German Thyssenkrupp’s steel unit has seen further improvements on robust demand and higher prices and will not be spun off this year, CFO Klaus Keysberg said May 11.
The company said the main driver for steel was its main customer group, the automotive industry, though demand was somewhat tainted by components and logistics issues in the automotive supply chain.
“There is muted dynamic. We know about the stoppages at Ford and others. We do not believe call-off figures will be the same as before,” Keysberg said at a press call for Thyssenkrupp’s Q2 results (January-March). “OEMs cannot produce as much as they can sell, but we believe the volumes will be taken up eventually.”
Restructuring of steel
In terms of the expected spin-off of the steel unit following several attempts to find an external partner or buyer, Keysberg said there would be no timeline for it but it would not happen this year. “There is no time pressure,” he said.
The sale of Italian stainless steelmaker AS Terni was ongoing and Thyssenkrupp said it would be in talks with several interested parties. Italian re-roller Marcegaglia said in April it would be “firmly” interested in acquiring Terni.
Thyssenkrupp has already cut 5,400 jobs out of the planned 12,000 job reductions across the units and does not currently anticipate the need for more.
Thyssenkkrupp will keep the plan to reline one of its blast furnaces from July and will be pre-produce and purchase material for the approximately half year the blast furnace will be taken offline.
Market participants said they expected the reline and pre-production to intensify the steel shortage gripping the European market.
Steel unit Q2 performance
Keysberg said that due to the primary focus on contract business rather than spot, the effect of rapid steel price rises in the European steel market will be factored in with a time lag. The current all-time high in iron ore will also have to be factored into coming contract negotiations, he said.
“We have seen over the past weeks that iron ore is extremely high, which means it will effect margins and that we will be discussing this with OEMS,” Keysberg said.

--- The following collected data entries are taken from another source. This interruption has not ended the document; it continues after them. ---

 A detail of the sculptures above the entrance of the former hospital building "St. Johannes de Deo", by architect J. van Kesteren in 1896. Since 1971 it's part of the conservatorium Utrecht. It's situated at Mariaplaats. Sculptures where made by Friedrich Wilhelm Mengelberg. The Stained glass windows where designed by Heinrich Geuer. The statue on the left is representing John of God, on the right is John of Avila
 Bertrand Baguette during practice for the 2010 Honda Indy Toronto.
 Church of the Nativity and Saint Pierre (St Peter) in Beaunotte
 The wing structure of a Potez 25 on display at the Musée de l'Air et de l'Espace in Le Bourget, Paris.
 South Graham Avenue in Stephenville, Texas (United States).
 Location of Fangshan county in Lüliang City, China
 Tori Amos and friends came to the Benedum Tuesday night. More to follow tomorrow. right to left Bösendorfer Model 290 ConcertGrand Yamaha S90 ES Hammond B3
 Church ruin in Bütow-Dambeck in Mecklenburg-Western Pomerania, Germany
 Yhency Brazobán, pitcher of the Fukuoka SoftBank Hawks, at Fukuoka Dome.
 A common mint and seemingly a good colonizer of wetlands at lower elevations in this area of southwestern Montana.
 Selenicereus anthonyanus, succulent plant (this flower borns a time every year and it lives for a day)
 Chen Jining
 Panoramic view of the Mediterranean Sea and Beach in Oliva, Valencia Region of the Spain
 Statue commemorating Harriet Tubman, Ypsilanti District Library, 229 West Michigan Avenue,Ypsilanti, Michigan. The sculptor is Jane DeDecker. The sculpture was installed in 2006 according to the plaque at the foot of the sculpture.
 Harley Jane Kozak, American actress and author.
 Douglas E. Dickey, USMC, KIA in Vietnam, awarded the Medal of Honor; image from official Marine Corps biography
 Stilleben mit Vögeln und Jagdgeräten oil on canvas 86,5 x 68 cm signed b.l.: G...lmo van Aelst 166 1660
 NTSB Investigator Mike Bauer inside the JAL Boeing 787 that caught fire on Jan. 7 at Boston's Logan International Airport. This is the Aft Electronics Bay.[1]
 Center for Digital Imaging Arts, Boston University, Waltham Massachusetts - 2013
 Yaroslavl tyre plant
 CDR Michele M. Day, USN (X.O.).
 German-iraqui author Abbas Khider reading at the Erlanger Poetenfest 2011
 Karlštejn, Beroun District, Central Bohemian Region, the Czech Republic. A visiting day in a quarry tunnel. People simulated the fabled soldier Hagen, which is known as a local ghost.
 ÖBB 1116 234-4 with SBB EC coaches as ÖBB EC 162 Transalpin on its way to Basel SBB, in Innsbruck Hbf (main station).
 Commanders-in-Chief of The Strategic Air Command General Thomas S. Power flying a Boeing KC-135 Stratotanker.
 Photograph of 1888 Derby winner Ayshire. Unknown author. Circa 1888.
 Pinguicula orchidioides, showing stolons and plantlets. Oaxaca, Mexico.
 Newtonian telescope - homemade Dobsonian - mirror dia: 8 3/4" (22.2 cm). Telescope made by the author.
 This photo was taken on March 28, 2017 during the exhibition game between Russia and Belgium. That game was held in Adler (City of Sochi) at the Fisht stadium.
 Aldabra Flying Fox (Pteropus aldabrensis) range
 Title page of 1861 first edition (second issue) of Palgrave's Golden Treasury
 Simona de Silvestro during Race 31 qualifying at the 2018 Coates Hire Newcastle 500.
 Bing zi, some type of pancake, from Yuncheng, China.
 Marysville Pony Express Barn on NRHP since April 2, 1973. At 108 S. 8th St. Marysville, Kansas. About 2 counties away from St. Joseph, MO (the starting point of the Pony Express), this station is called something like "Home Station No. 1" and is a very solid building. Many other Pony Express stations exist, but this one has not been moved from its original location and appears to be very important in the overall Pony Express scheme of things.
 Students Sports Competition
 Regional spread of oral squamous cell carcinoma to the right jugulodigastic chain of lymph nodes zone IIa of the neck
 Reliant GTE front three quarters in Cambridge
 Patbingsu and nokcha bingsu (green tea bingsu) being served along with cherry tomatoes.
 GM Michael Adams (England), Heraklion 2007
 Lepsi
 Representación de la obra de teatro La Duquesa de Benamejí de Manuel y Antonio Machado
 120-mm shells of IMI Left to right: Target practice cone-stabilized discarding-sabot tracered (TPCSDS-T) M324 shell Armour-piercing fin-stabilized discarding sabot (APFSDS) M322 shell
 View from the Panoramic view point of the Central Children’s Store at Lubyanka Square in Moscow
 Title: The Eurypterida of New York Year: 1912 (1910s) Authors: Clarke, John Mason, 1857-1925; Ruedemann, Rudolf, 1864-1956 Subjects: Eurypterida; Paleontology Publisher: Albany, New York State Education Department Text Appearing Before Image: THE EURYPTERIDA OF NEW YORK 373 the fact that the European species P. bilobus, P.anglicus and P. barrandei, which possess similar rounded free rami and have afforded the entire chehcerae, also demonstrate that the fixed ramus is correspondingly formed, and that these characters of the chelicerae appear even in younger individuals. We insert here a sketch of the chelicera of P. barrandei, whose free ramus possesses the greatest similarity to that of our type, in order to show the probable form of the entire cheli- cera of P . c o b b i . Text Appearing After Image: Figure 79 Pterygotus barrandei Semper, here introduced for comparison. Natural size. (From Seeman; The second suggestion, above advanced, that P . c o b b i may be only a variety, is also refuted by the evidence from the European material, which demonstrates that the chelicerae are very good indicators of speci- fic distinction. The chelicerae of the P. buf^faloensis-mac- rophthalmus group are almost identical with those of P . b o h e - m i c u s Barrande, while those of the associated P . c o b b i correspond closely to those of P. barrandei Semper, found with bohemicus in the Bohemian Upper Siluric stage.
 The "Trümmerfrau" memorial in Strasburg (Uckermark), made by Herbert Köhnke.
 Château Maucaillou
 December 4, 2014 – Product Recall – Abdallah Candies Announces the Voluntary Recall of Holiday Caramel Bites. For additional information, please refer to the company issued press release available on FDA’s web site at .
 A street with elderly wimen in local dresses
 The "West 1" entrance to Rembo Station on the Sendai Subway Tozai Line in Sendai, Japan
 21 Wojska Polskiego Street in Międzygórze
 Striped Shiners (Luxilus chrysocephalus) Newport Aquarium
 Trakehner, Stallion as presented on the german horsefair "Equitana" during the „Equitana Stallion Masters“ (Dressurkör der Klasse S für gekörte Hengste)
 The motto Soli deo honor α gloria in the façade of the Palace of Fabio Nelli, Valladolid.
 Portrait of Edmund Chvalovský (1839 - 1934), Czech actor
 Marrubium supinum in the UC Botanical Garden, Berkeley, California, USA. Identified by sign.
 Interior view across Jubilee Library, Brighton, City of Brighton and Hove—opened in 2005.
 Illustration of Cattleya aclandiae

According to analysis by S&P Global Platts, April’s HRC-raw materials spread at Eur632/mt ($765/mt), up from, from Eur477/mt in March, was the highest since at least April 2016 when the spreads were first tracked by Platts. A break-even for mills is estimated at Eur250/mt.
Keysberg hinted that higher production costs of green steel will have to be passed on to customers. He said there was no financial incentive for sustainability in the supply chain and for the auto industry to purchase green steel.
Crude steel production increased 5.7% year on year to 2.2 million mt at the integrated steelworks in the company’s financial Q2, largely stable quarter on quarter. Thyssenkrupp’s semis producer HKM saw an output increase of 5.6% to 756,000 mt, a quarter-on-quarter uptick of 1.7%.
Shipments of cold-rolled slightly decreased from 1.8 million mt in Q2 last year to 1.7 million mt Q2 this year, but saw a 6.3% increase quarter on quarter. Hot-rolled shipments grew from 122,000 mt Q2 last year to 129,000 mt this year, recording a 5.7% increase compared with the first quarter of the year.
At the material services unit, which includes the company’s steel distribution, sales were down by 3% year on year mainly due to materials shortages in the warehousing and distribution business. The unit did record higher sales only in Eastern Europe and at the European service centers.
For the current fiscal year Thyssenkrupp expects further continuing economic recovery, “albeit with subdued momentum”, the company said.
As a result of expected improvements Thyssenkrupp expects an adjusted EBIT to increase significantly towards a positive result in the “mid three-digit million euro range”. The previous forecast predicted break-even.